--- WHAT YOU ARE ASKED TO DO ---
For the records below, please print exactly and only the lines from the one with "Επιπλέον καθυστερήσεις σημειώνονται" down to the one with "The proof of", both ends included, omitting the pictures.

--- EXTRACTED MATERIAL ---
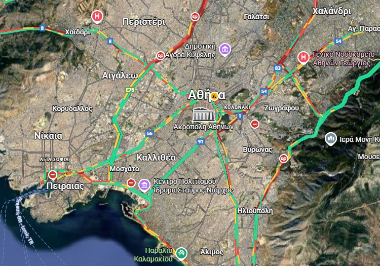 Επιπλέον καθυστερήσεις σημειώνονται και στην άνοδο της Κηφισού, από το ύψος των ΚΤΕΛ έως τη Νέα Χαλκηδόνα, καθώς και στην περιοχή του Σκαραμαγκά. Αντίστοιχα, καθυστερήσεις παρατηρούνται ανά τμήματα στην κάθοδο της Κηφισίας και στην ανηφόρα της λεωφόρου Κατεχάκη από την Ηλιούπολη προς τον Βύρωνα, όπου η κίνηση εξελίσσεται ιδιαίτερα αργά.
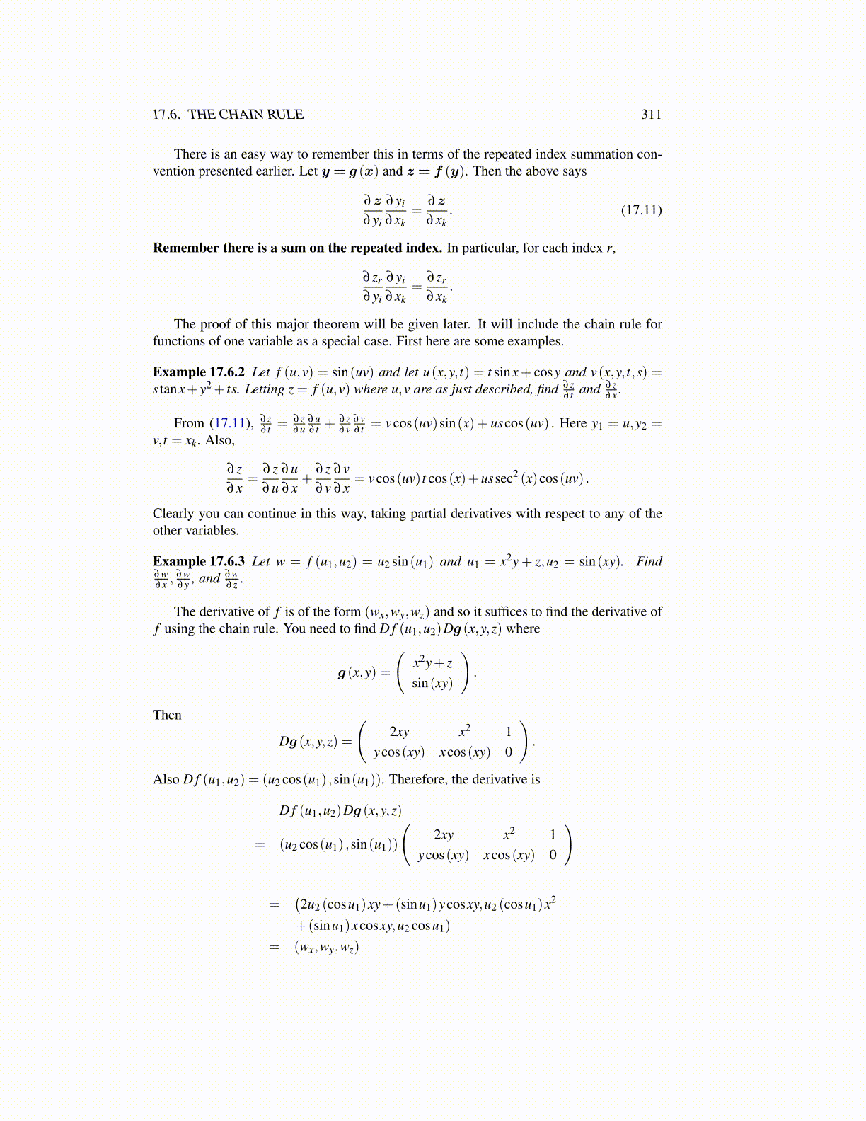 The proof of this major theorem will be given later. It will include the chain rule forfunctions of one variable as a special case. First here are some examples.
--
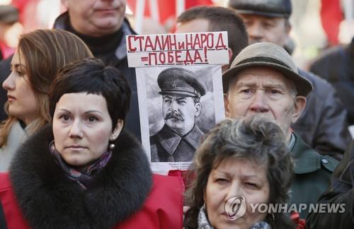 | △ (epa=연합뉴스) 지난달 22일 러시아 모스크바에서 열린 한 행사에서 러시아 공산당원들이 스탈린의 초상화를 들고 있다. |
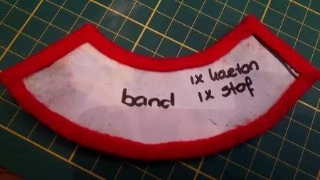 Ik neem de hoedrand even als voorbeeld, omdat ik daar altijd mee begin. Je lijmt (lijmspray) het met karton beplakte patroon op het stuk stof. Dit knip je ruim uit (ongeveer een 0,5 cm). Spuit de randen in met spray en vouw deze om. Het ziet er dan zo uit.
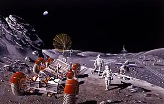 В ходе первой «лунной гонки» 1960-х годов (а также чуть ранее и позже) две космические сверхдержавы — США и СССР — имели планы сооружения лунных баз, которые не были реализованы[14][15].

--- RESULT OF THE EXERCISE ---
 Επιπλέον καθυστερήσεις σημειώνονται και στην άνοδο της Κηφισού, από το ύψος των ΚΤΕΛ έως τη Νέα Χαλκηδόνα, καθώς και στην περιοχή του Σκαραμαγκά. Αντίστοιχα, καθυστερήσεις παρατηρούνται ανά τμήματα στην κάθοδο της Κηφισίας και στην ανηφόρα της λεωφόρου Κατεχάκη από την Ηλιούπολη προς τον Βύρωνα, όπου η κίνηση εξελίσσεται ιδιαίτερα αργά.
 The proof of this major theorem will be given later. It will include the chain rule forfunctions of one variable as a special case. First here are some examples.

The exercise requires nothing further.